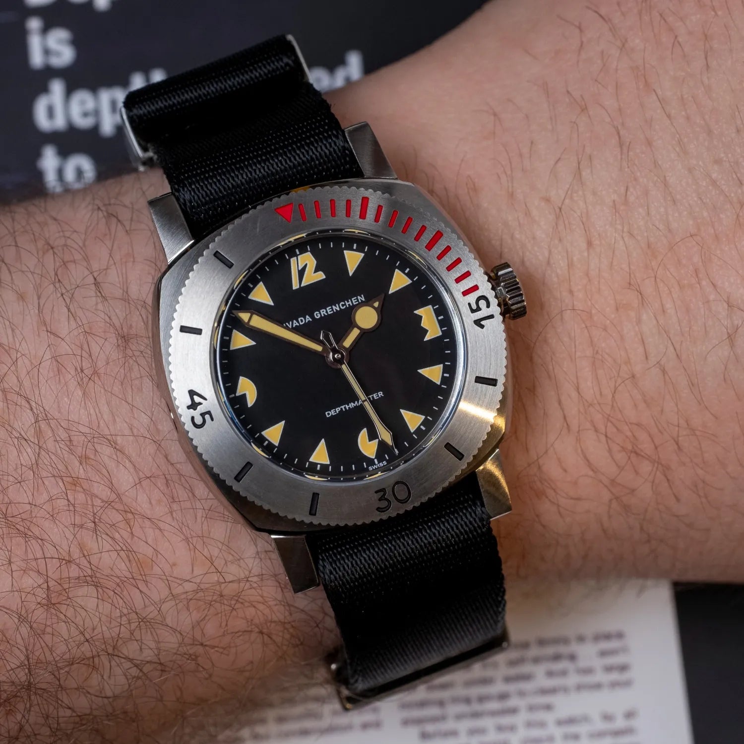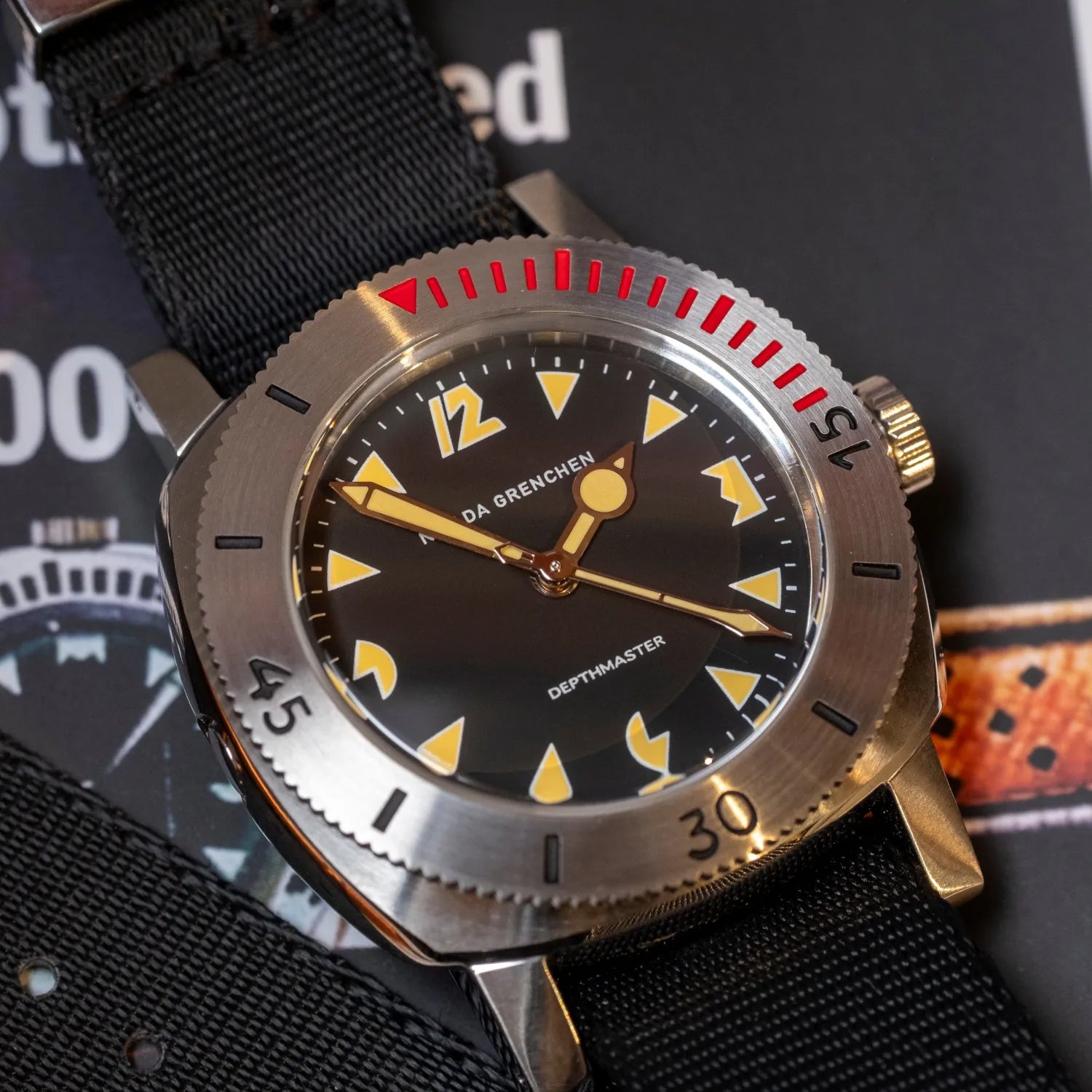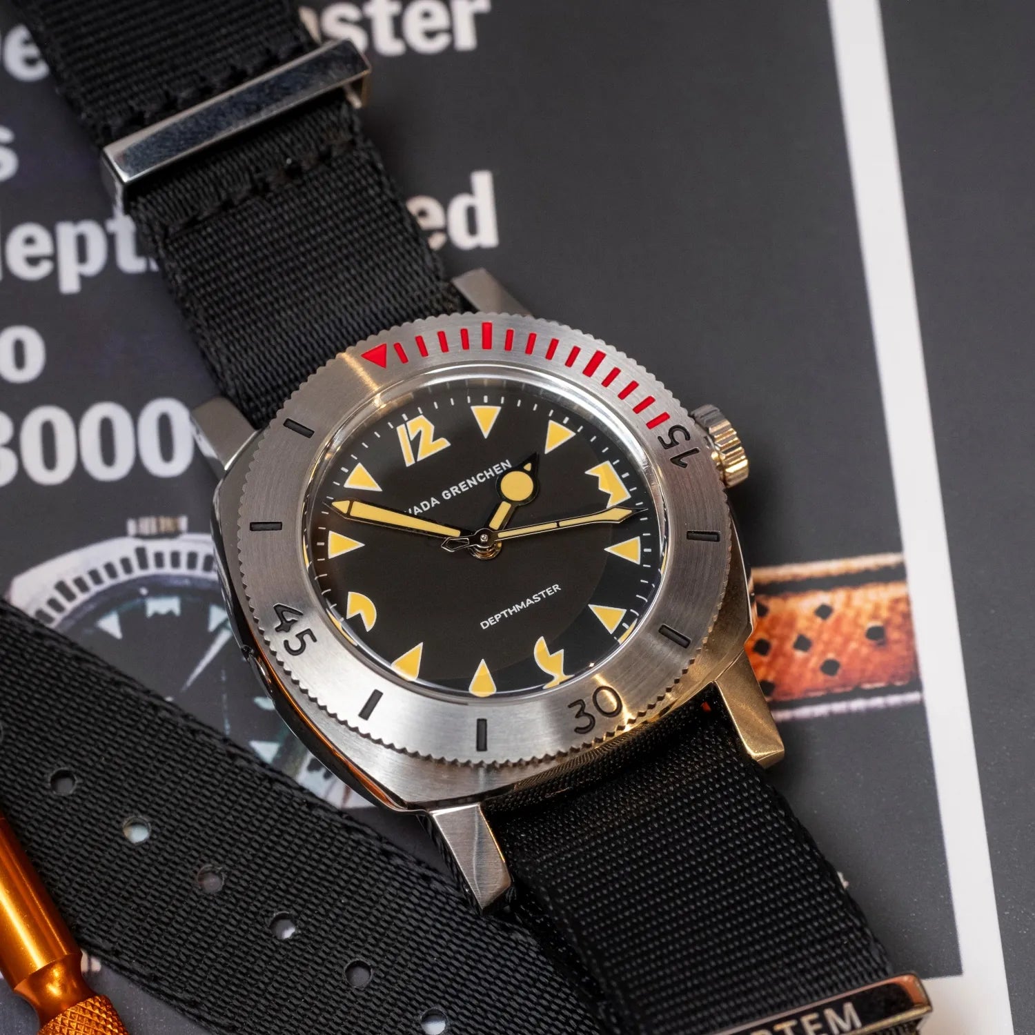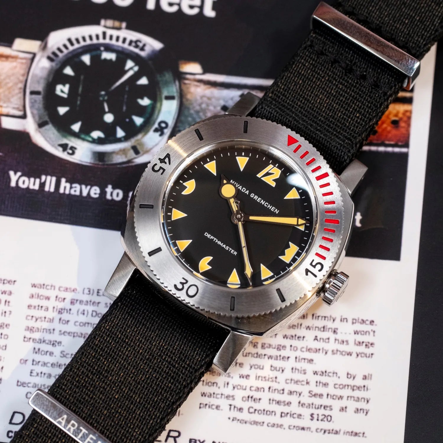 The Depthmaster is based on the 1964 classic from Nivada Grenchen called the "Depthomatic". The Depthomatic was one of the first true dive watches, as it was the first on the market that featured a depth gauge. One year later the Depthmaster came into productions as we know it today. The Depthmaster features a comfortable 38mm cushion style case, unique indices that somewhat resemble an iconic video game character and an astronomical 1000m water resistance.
---
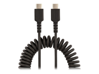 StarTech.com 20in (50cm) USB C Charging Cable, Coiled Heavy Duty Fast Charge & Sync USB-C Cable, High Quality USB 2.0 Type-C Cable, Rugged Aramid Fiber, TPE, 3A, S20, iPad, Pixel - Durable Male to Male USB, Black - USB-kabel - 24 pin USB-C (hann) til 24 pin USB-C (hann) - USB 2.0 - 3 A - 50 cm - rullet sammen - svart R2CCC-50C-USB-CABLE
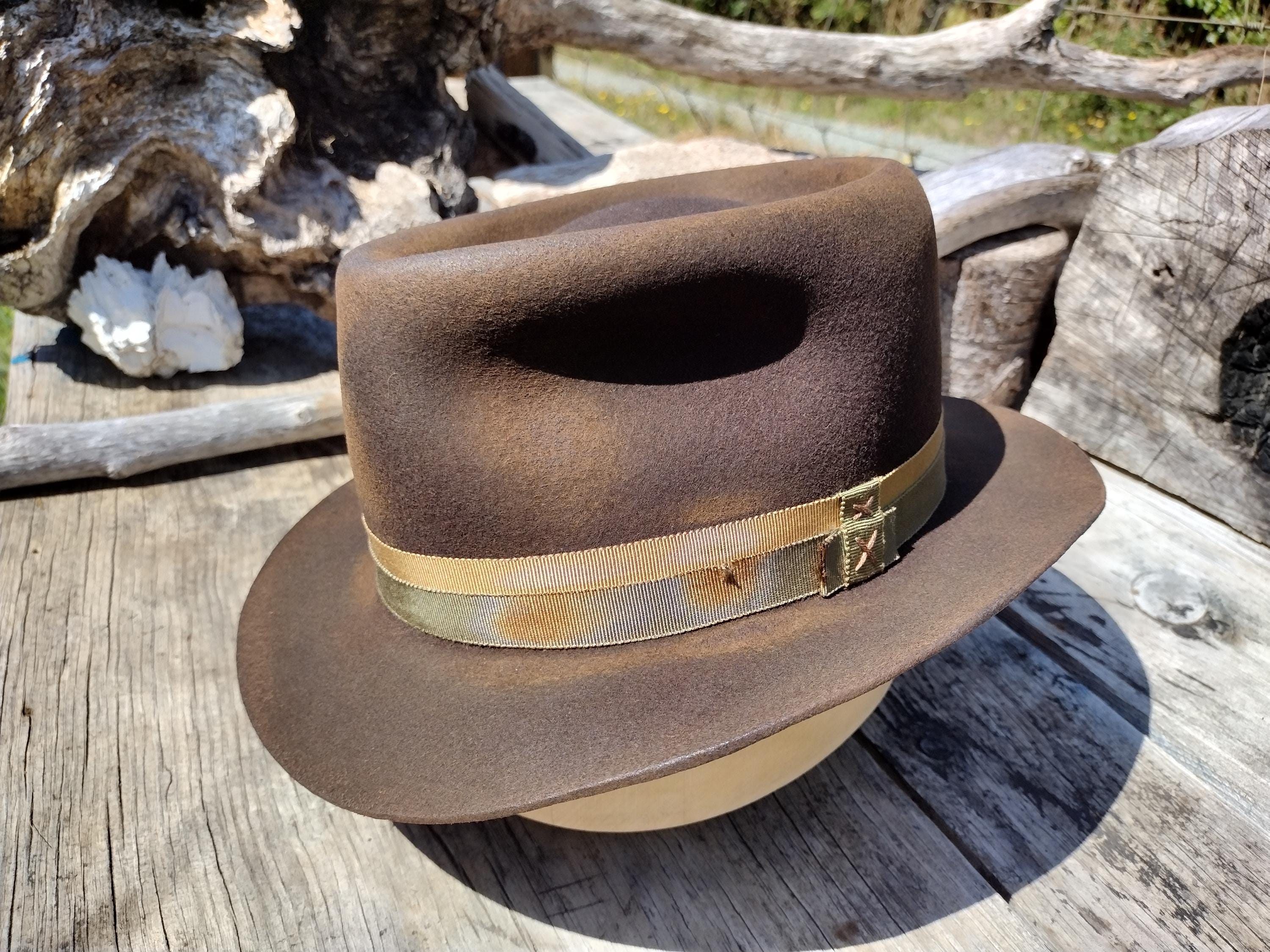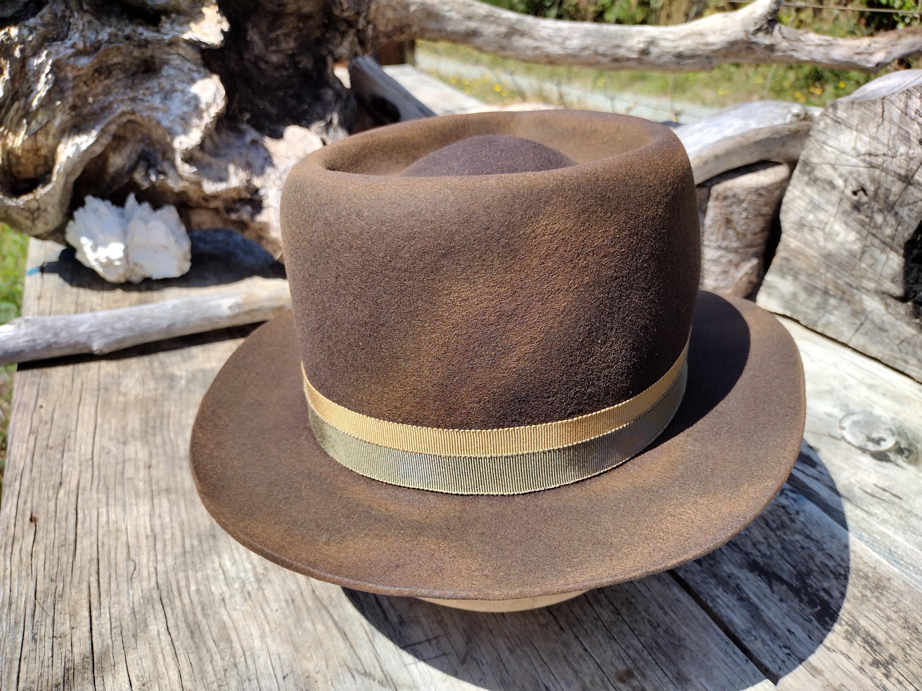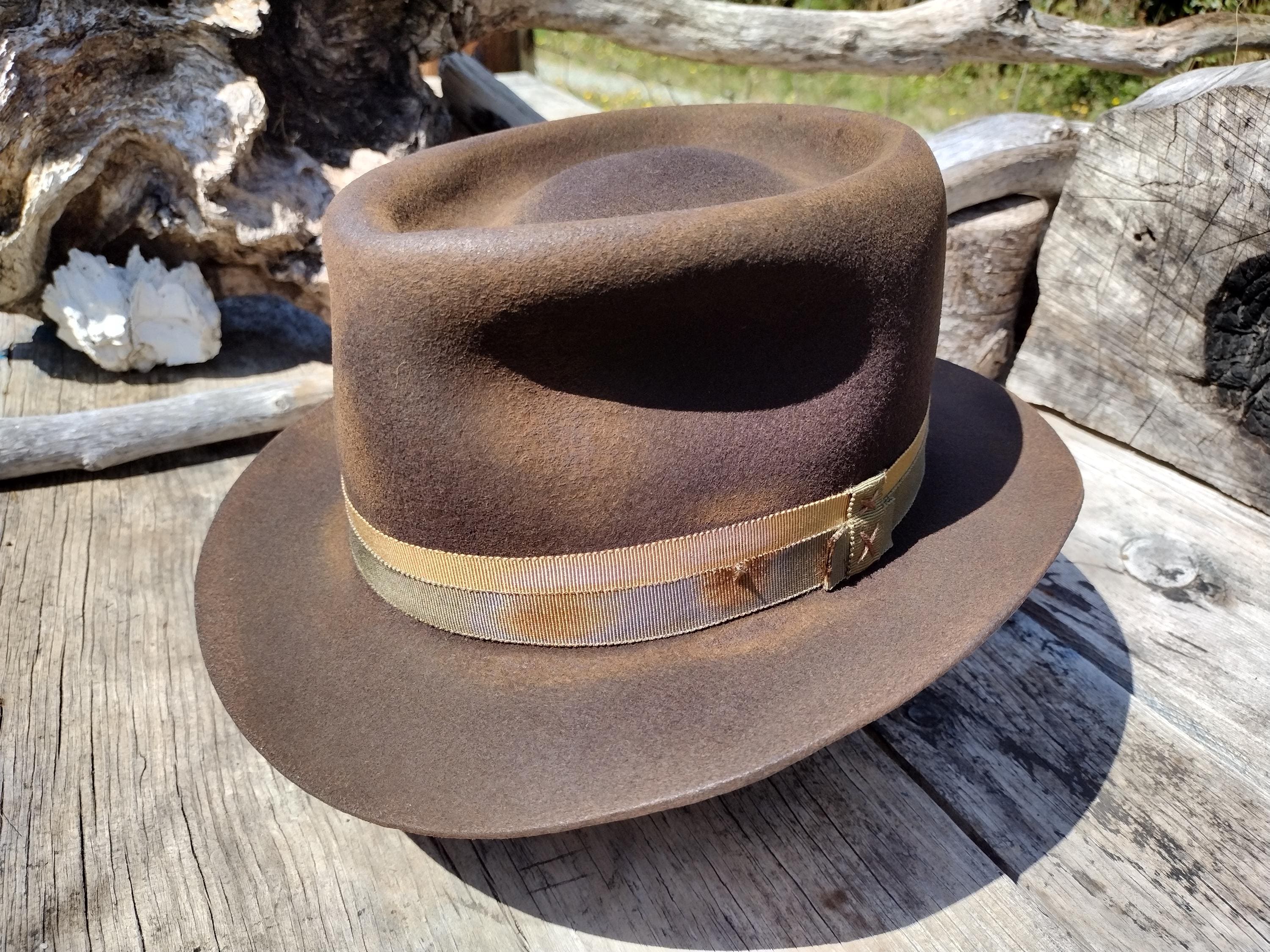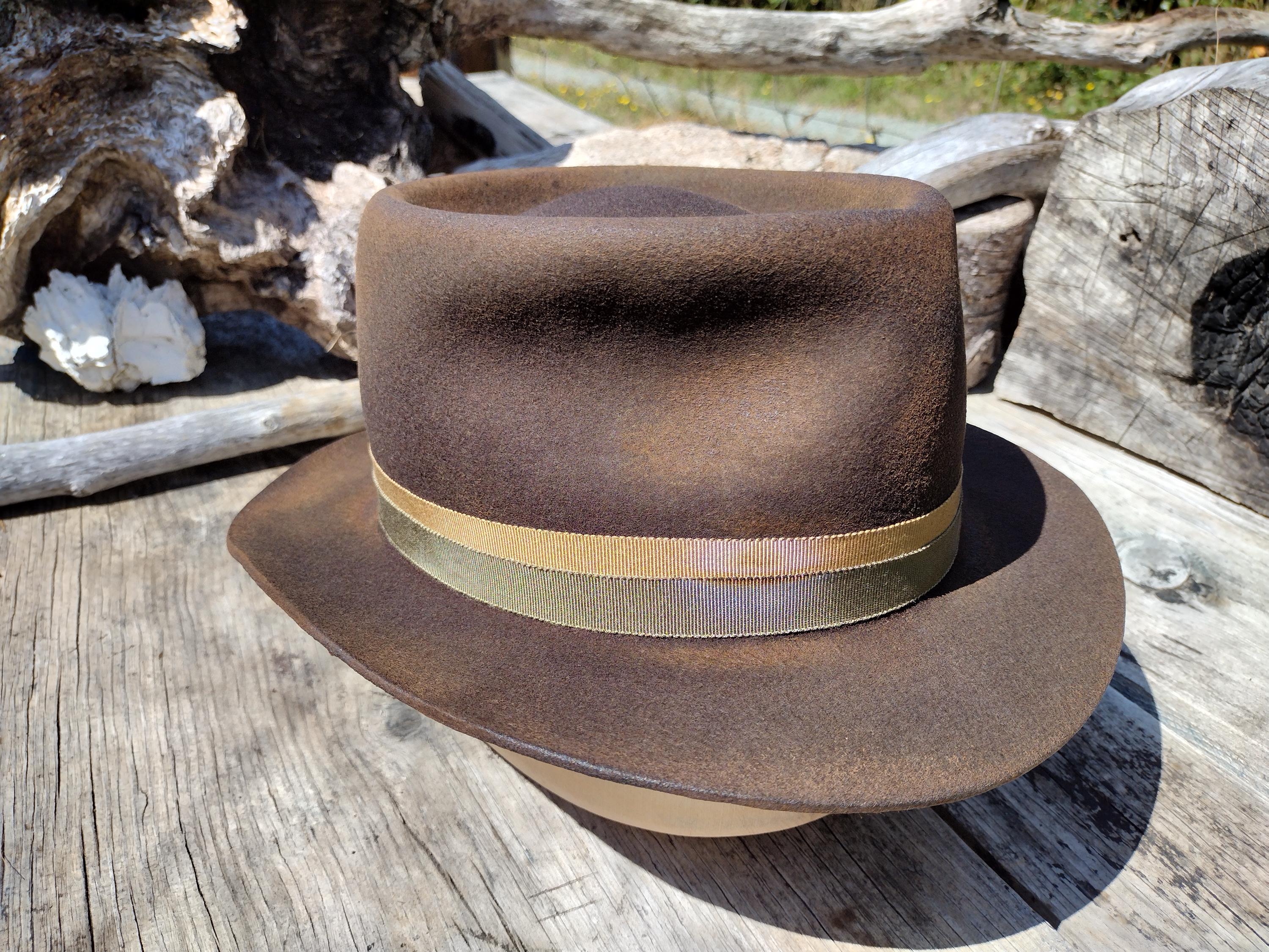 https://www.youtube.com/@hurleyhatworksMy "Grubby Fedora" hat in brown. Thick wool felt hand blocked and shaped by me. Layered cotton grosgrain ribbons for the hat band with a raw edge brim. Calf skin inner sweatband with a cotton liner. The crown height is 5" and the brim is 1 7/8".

▸ WORK REQUEST: Restate word for word every line from the one with "StarTech.com 20in (50cm)" up to and including the one with "hat in brown." in the records above, minus the pictures.

▸ ANSWER SPACE:
 StarTech.com 20in (50cm) USB C Charging Cable, Coiled Heavy Duty Fast Charge & Sync USB-C Cable, High Quality USB 2.0 Type-C Cable, Rugged Aramid Fiber, TPE, 3A, S20, iPad, Pixel - Durable Male to Male USB, Black - USB-kabel - 24 pin USB-C (hann) til 24 pin USB-C (hann) - USB 2.0 - 3 A - 50 cm - rullet sammen - svart R2CCC-50C-USB-CABLE
 https://www.youtube.com/@hurleyhatworksMy "Grubby Fedora" hat in brown. Thick wool felt hand blocked and shaped by me. Layered cotton grosgrain ribbons for the hat band with a raw edge brim. Calf skin inner sweatband with a cotton liner. The crown height is 5" and the brim is 1 7/8".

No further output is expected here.